Can Your Genes Predict MS Treatment Success? Exploring HLA Markers and Glatiramer Acetate Response

Multiple sclerosis (MS) is a complex autoimmune disease where the immune system attacks the central nervous system. While therapies like Glatiramer Acetate (GA)—an FDA-approved drug mimicking myelin basic protein—help many patients, others see little to no benefit. What if we could predict who would respond, before even starting treatment?

A 2013 study led by Suhayl Dhib-Jalbut and colleagues at UMDNJ-Robert Wood Johnson Medical School aimed to answer this question using genetics. Specifically, the team investigated whether certain HLA class II alleles—the genetic markers that help regulate immune responses—could predict who would benefit from GA therapy in relapsing-remitting MS (RRMS).

The Science Behind It: HLA, GA, and Immune Modulation
The Human Leukocyte Antigen (HLA) system is central to immune recognition. In MS, certain alleles (gene variants), particularly HLA-DRB115:01* (aka DR15) and DQB106:02* (aka DQ6), are strongly linked to increased disease risk. GA works by altering immune cell behavior, shifting the inflammatory response toward a more anti-inflammatory one, especially by targeting these same HLA molecules.

This interplay sparked the hypothesis: could the presence or absence of specific HLA types influence a person’s clinical response to GA?

Study Design: Who Was Studied and How
Subjects: 64 patients with RRMS were enrolled from four MS centers across the U.S.

Treatment: All were treated with GA for at least 2 years.

Outcome Classification:

Responders (GA-R): No relapses and no disability progression (as measured by EDSS).

Non-responders (GA-NR): Had relapses or significant worsening in disability.

Genetic Testing: Blood samples were collected and typed for HLA-DR and HLA-DQ alleles.

Key Findings
1. Certain HLA Alleles Predict Treatment Response

Positive Predictors: Patients carrying DR15 or DQ6 were more likely to respond well.

Negative Predictors: Those carrying DR17 or DQ2 were more likely to show poor response.

2. Haplotypes (Gene Combinations) Matter More Than Single Alleles
Two combinations stood out:

DR15–DQ6: Strongly associated with a favorable response.

DR17–DQ2: Strongly associated with a poor response.

Patients with DR15–DQ6 but without DR17–DQ2 had a 71% chance of being responders. In contrast, those with DR17–DQ2 but lacking DR15–DQ6 had just a 17% chance.

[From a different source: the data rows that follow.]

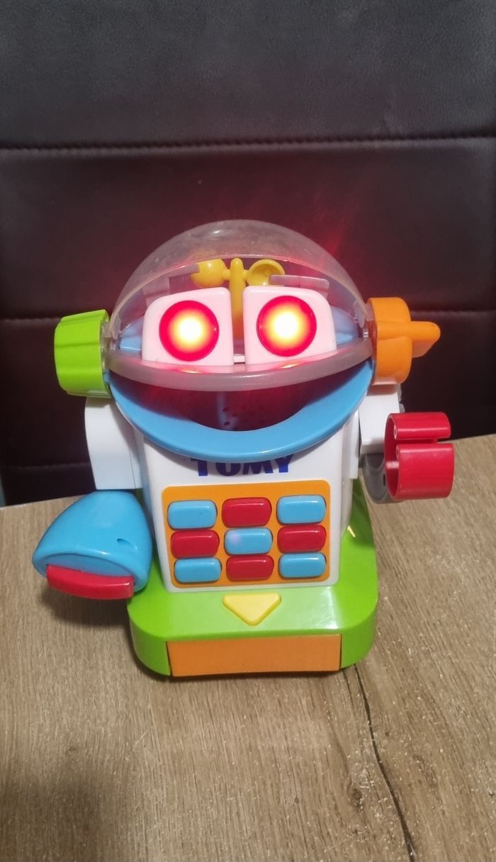 Robot interactif, petit caissier pour bébé Lui mettre les chips en bouche pour le nourrir Ses yeux s'allument, ses bras bougent Tomy Très bon état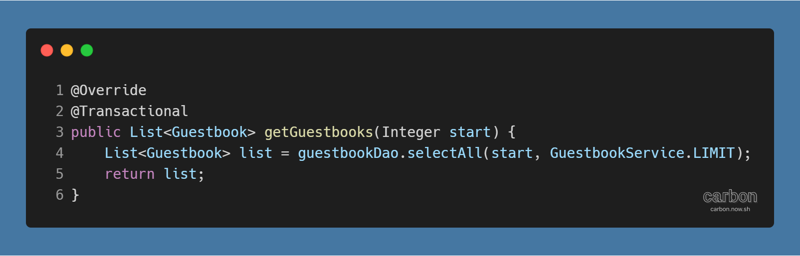 첫 번째는 방명록 정보를 일정 범위만큼 조회하는 getGuestbooks( ) 메서드이다. 아래 코드를 보자.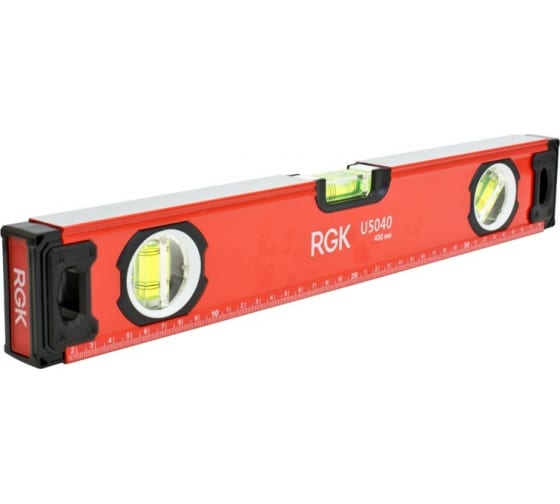 Строительный уровень RGK U5040 длиной 40 сантиметров оснащен двумя магнитами на противоположных сторонах для крепления уровня на металлической поверхности, чтобы освободить руки при проведении разметки.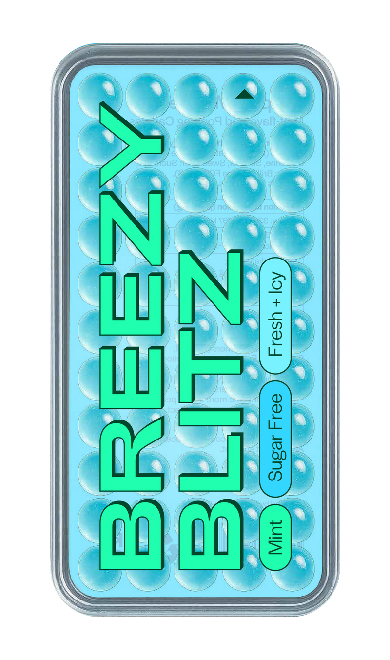 Breezy Blitz introduces ultra-small mint pearls that burst instantly on your tongue with an icy hit of freshness, then dissolve effortlessly. No chewing. No stickiness. No lingering mess. Just a quick pop, a cool rush, and you’re ready to go.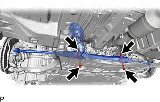 (c) Extraiga los 2 pernos, las 2 tuercas y el conjunto de la articulación de la servodirección del subconjunto del travesaño de la suspensión delantera. AVISO: No gire la tuerca, ya que tiene un tope propio. Afloje el perno con la tuerca fijada. |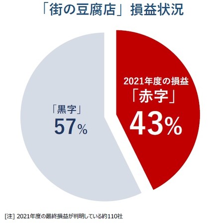 他方、損益面では苦戦が続いている。2021年度の損益が判明した豆腐店のうち、赤字の割合は42%に達し、前年度(47%)に続き2年連続で赤字の割合が4割台となった。主原料となる大豆、特に米国・カナダ産大豆の仕入価格が高騰したことで調達コストが大幅に膨らんだ一方で、スーパー向けなどでは販売価格に十分な転嫁ができず、赤字に転落するといった事例も散見された。

3. A Simple Three-Category Model Emerged:
Good Predicted Response: DR15–DQ6 present, DR17–DQ2 absent

Poor Predicted Response: DR15–DQ6 absent, DR17–DQ2 present

Neutral: Both present or both absent

Why It Matters: Toward Personalized MS Treatment
MS treatment has long been a trial-and-error process. This study is a step toward personalized medicine—using genetic data to tailor therapy choices. HLA typing is already routine in organ transplantation, and incorporating it into MS management could significantly enhance patient outcomes.

Limitations & Next Steps
While promising, the findings must be validated in larger, diverse populations before being adopted into clinical practice. The study’s sample was relatively small (64 patients), and results may differ across ethnic backgrounds.

Additionally, the study looked only at response to GA. Similar analyses across other MS treatments like interferons, natalizumab, or ocrelizumab could further refine therapy choices.

Final Thoughts
The Dhib-Jalbut et al. study offers a hopeful glimpse into a future where MS treatment isn’t one-size-fits-all. If confirmed, a simple HLA test could help patients avoid ineffective therapies and unnecessary side effects, giving them a faster path to control their disease.

Disclaimer: This blog post is based on the provided research article and is intended for informational purposes only. It is not intended to provide medical advice. Please consult with a healthcare professional for any health concerns.

References:
Dhib-Jalbut, S., Valenzuela, R. M., Ito, K., Kaufman, M., Picone, M. A., & Buyske, S. (2013). HLA DR and DQ alleles and haplotypes associated with clinical response to glatiramer acetate in multiple sclerosis. Multiple sclerosis and related disorders, 2(4), 340-348.